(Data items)
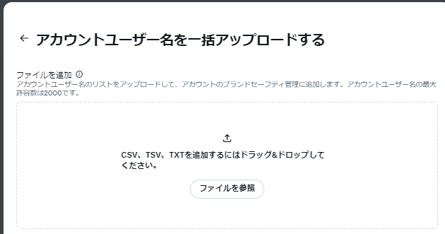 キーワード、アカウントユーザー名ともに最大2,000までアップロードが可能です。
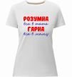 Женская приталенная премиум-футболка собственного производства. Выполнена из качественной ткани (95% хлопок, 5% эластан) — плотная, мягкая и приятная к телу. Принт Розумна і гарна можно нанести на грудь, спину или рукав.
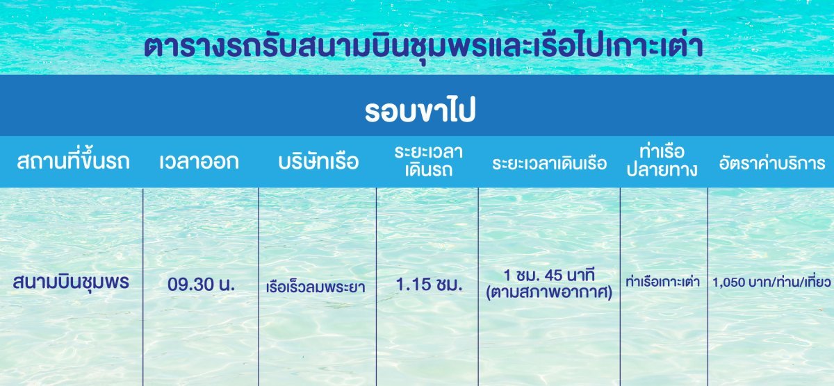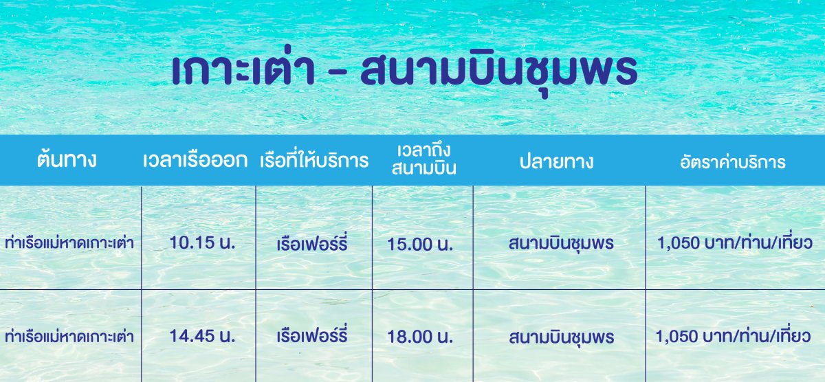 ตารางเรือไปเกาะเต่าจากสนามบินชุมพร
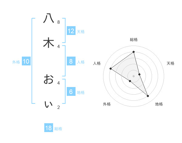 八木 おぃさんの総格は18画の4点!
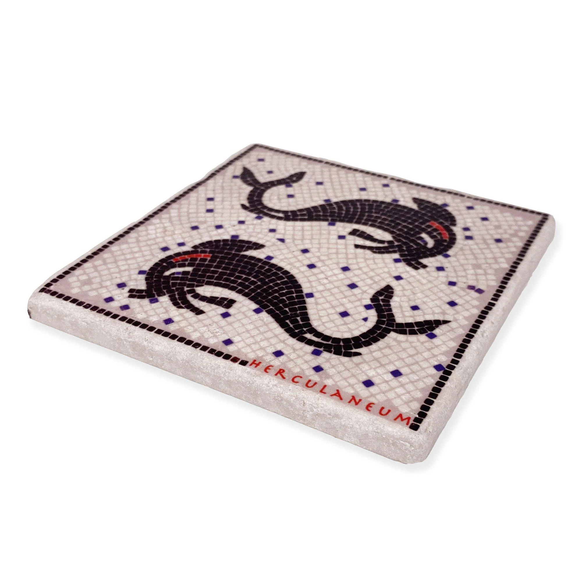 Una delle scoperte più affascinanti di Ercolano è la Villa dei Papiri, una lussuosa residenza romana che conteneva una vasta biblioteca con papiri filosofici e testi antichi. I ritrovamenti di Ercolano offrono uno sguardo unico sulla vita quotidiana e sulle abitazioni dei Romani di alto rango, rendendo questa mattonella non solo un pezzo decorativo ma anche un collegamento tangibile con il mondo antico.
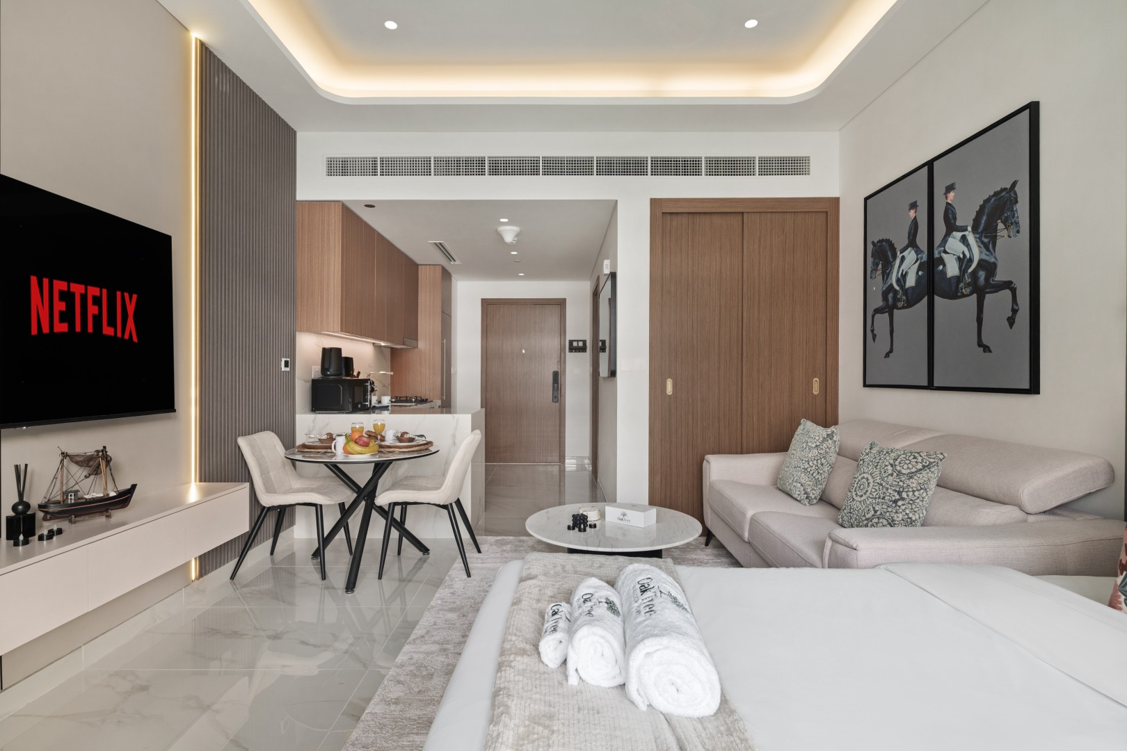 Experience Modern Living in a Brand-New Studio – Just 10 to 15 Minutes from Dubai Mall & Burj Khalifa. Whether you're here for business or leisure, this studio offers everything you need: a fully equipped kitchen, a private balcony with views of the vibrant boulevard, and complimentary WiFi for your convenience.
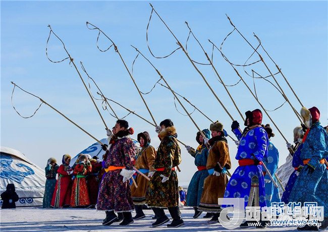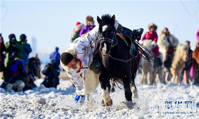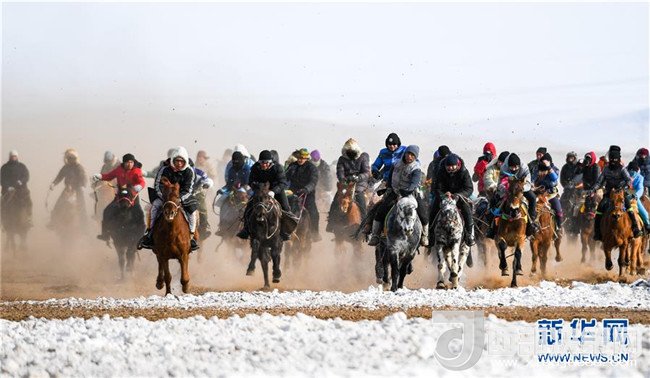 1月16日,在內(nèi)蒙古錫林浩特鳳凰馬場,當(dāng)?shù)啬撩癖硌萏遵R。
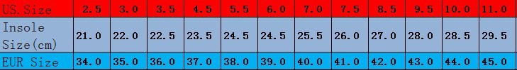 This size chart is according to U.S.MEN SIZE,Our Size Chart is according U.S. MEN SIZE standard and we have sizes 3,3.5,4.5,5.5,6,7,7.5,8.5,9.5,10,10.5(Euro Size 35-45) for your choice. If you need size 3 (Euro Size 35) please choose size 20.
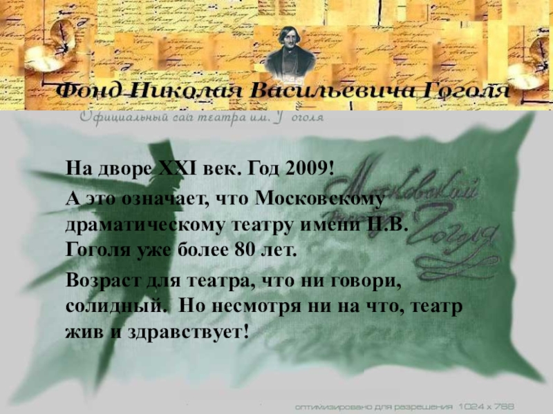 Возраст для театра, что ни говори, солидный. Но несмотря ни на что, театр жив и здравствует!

_About this task_.
What is needed is an exact restatement of the lines from the line with "Una delle scoperte" through the final line of the data, pictures excluded.

_Result of this task_.
 Una delle scoperte più affascinanti di Ercolano è la Villa dei Papiri, una lussuosa residenza romana che conteneva una vasta biblioteca con papiri filosofici e testi antichi. I ritrovamenti di Ercolano offrono uno sguardo unico sulla vita quotidiana e sulle abitazioni dei Romani di alto rango, rendendo questa mattonella non solo un pezzo decorativo ma anche un collegamento tangibile con il mondo antico.
 Experience Modern Living in a Brand-New Studio – Just 10 to 15 Minutes from Dubai Mall & Burj Khalifa. Whether you're here for business or leisure, this studio offers everything you need: a fully equipped kitchen, a private balcony with views of the vibrant boulevard, and complimentary WiFi for your convenience.
 1月16日,在內(nèi)蒙古錫林浩特鳳凰馬場,當(dāng)?shù)啬撩癖硌萏遵R。
 This size chart is according to U.S.MEN SIZE,Our Size Chart is according U.S. MEN SIZE standard and we have sizes 3,3.5,4.5,5.5,6,7,7.5,8.5,9.5,10,10.5(Euro Size 35-45) for your choice. If you need size 3 (Euro Size 35) please choose size 20.
 Возраст для театра, что ни говори, солидный. Но несмотря ни на что, театр жив и здравствует!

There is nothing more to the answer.